Schritt für Schritt zum Business Blog-Karneval
Vorhin habe ich ja angekündigt, dass ich erzählen will, wie ein Blog-Karneval aus Sicht des gastgebenden Weblogs funktioniert. (Eigentlich wollte ich diesen zweiten Teil ja erst morgen posten, aber das werde ich zeitlich nicht schaffen, daher heute schon.)
Natürlich kann ich nicht für die Allgemeinheit sprechen, es gibt für alles immer viele mögliche Wege. All diese Schritte habe ich jedenfalls als Gastgeberin des 1. Business Blog-Karnevals unternommen:

1. Sich schlau machen:
Recherchieren, welche Blog-Karnevals zu welchen Themen mit welchen Zielgruppen in welchen Sprachen es schon gab. Eventuell mit den Gastgebern und/oder den teilnehmenden Blogs in Verbindung treten und sie nach ihren Erfahrungen und nach Tipps fragen.

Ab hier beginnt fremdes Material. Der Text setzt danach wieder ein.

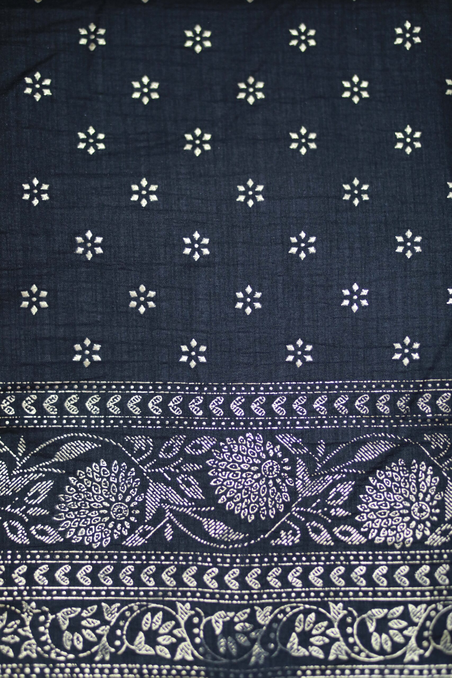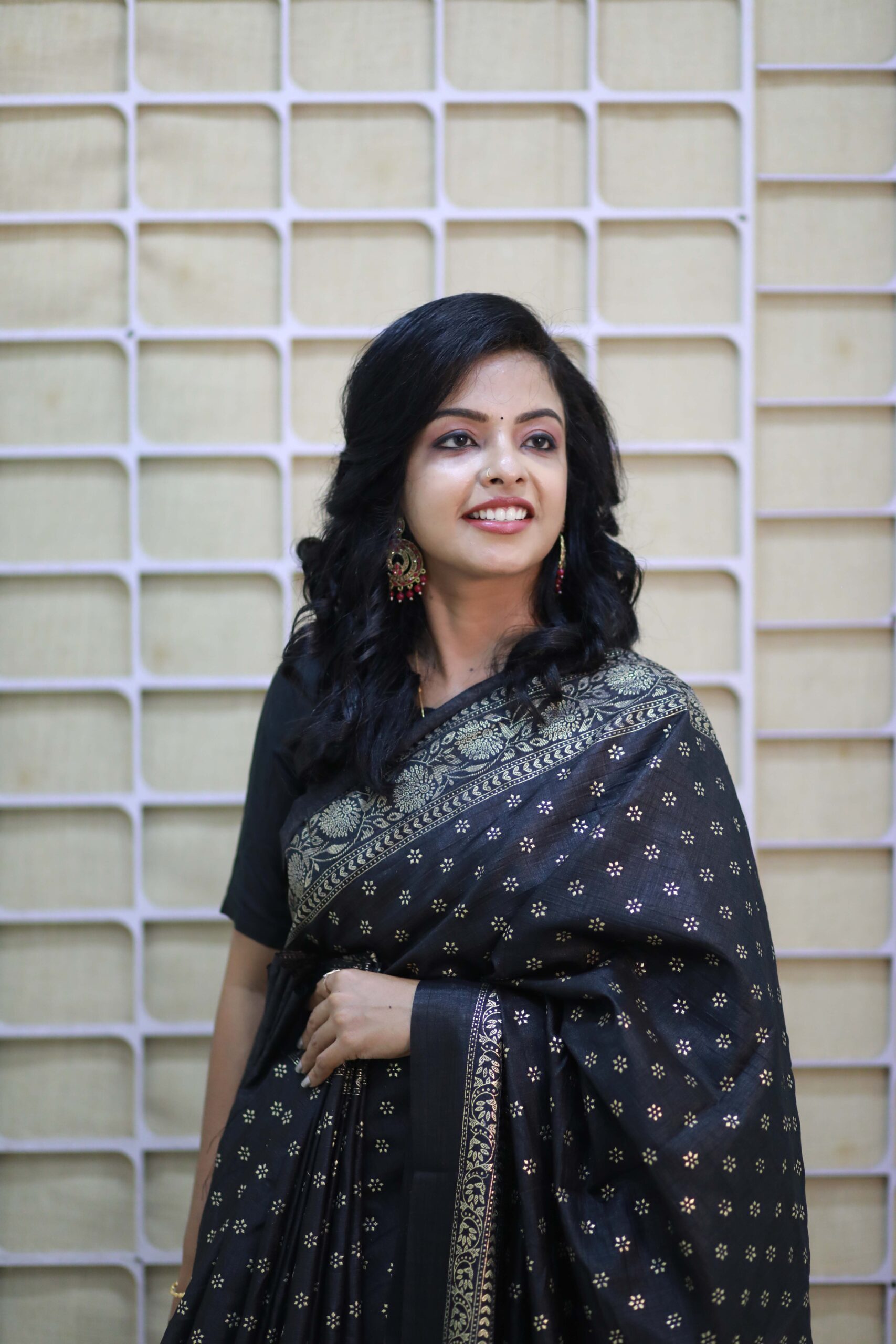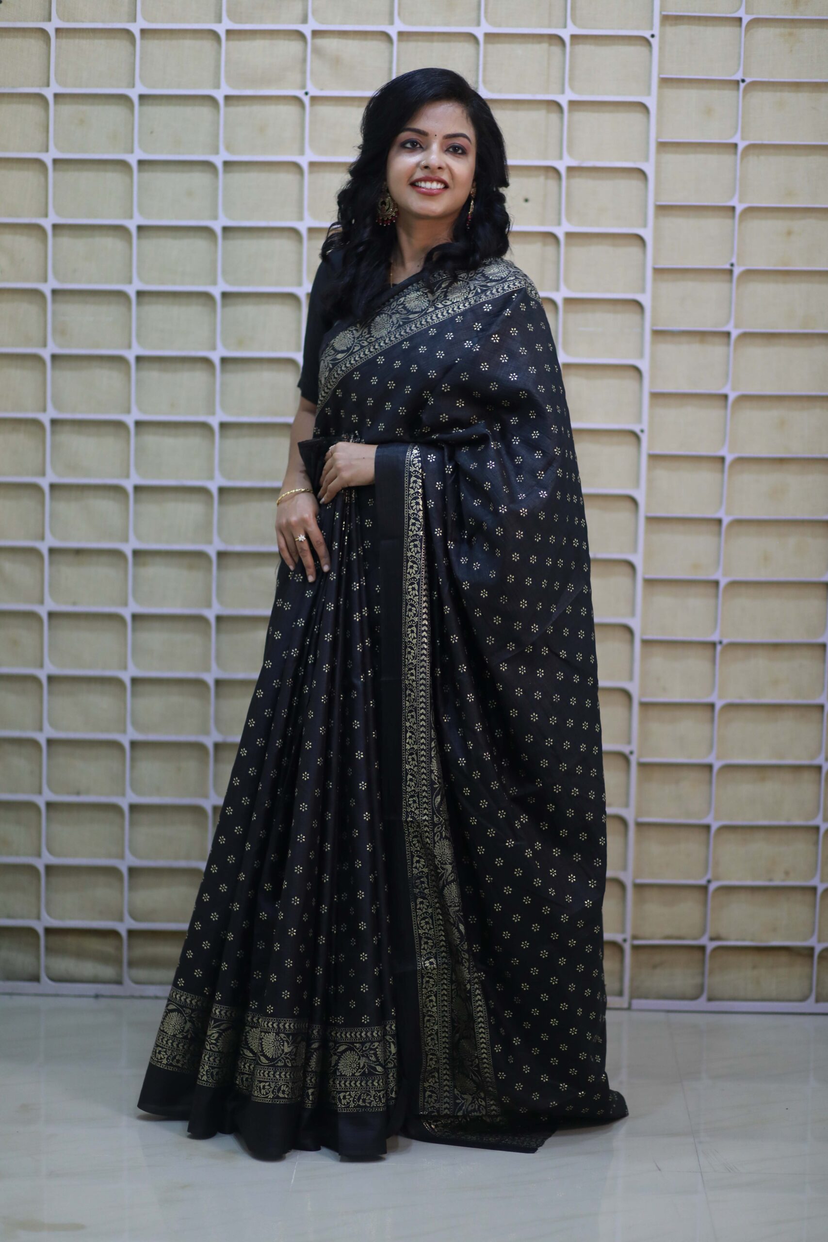 This sophisticated GRACE Saree features a deep black base adorned with intricate gold foil prints that shimmer with every movement. The body is designed with delicate “Butta” patterns, while the border and pallu showcase rich, traditional motifs for a truly regal finish. Crafted from a premium material with a subtle luster, it offers both comfort and high-end style, making it an ideal choice for weddings, festivals, and formal evening events. The saree comes complete with a matching solid black blouse piece to ensure a sleek and coordinated look.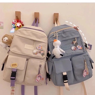 Balo Ulzzang nam, nữ màu hồng xanh pastel basic chống nước đi học đi chơi phong cách Hàn Quốc tặng kèm móc khoá hình thú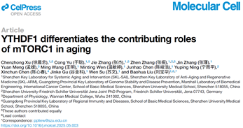 近日,深圳大学医学部基础医学院刘宝华特聘教授团队在Molecular Cell(影响因子14.5,中科院一区,TOP期刊)发表了题为“YTHDF1 differentiates the contributing roles of mTORC1 in aging”的研究论文,该研究系统揭示了YTHDF1通过调控mTORC1-SREBP2-胆固醇合成通路影响衰老进程的新机制。医学部副研究员徐晨忠、博士生于聪、博士后张杰和张振博士为共同第一作者,刘宝华教授为唯一通讯作者。深圳大学医学部为第一完成单位。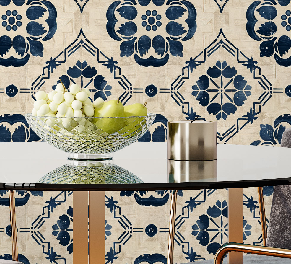 This wallpaper features a classic Iberian tile-inspired pattern with navy blue floral and geometric motifs set against a warm beige textured background. The design evokes a hand-painted, artisanal feel — perfect for adding Mediterranean charm and timeless elegance to kitchens, bathrooms, or accent walls.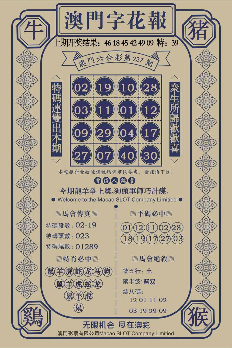237期澳门字花报[图]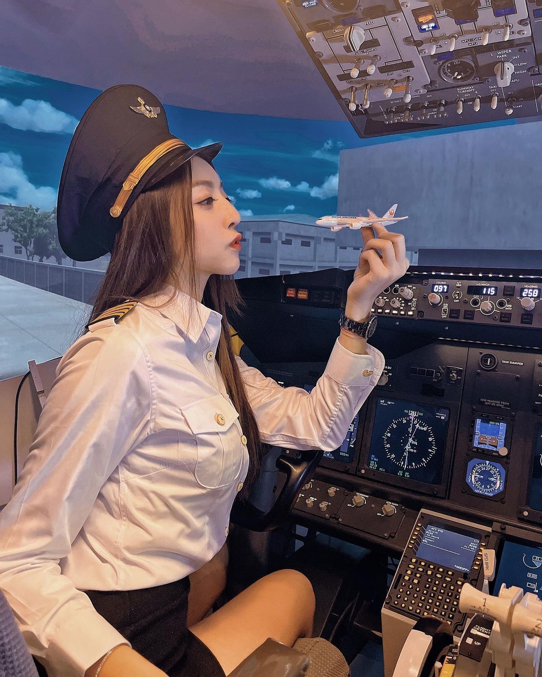 有著一雙逆天長腿的JKF女郎蘿拉Lola,最近參加模擬飛行體驗,穿上白襯衫和黑窄裙,化身絕美機長操控模擬飛行器,火辣裝扮讓粉絲都快升天了,希望蘿拉Lola老司機帶大家飛!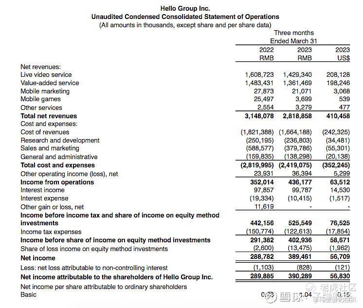 陌陌部门的营收从2022年第一季度的27.989亿元下降至今年一季度的25.101亿元;探探业务的营收从2022年第一季度的3.49亿元下降至2023年第一季度的3.086亿元。

2. Zielgruppe und Thema defnieren, Sprache und Zeitraum festlegen und ein Karnevals-Logo basteln:
Überlegen, welche LeserInnen-Zielgruppe mit dem Karneval angesprochen werden soll. Das war für mich natürlich ganz leicht zu entscheiden: Selbstständige und hier besonders KleinunternehmerInnen und FreiberuflerInnen.
Schwieriger war dann schon das Finden eines Themas. Es soll möglichst viele Leser der Zielgruppe interessieren. Es darf nicht zu eng gefasst sein, damit sich möglichst viele Experten-Weblogs animiert fühlen, mitzumachen. Es darf aber auch nicht zu allgemein sein, sonst kommt auch nur allgemeines Geschwafel heraus oder die Experten wissen nicht, worüber sie schreiben sollen.
Ich hatte ursprünglich das Thema nicht stark genug eingegrenzt, wurde aber von anderen darauf hingewiesen, mit denen ich über das Karnevals-Thema sprach. Also haben wir uns zu dritt beraten und dann auf den Themenbereich geeinigt, der jeden Selbstständigen interessieren MUSS, weil er sonst nicht mehr lange selbstständig ist: Die Akquise.
Ich entschied mich für eine etwa dreiwöchige Laufzeit des Blog-Karnevals mit markantem und daher gut merkfähigem Ende-Termin (minutengenauer Beginn der "richtigen" Karnevals-Saison) mit etwa einer Woche Vorlaufzeit ab Ankündigung des Blog-Karnevals.
So würden alle teilnehmenden Experten ausreichend Zeit haben einen oder mehrere Beiträge zu verfassen und der Zeitraum wäre nicht so lang, dass der ganze Blog-Karneval sich im Sand der Langeweile verläuft.
Und dann galt es noch - auch diesen Tipp bekam ich von Kollegen - ein Logo für den Blog-Karneval zu entwickeln, damit die Beiträge durch immer dasselbe Bild einen hohen Wiedererkennungswert haben.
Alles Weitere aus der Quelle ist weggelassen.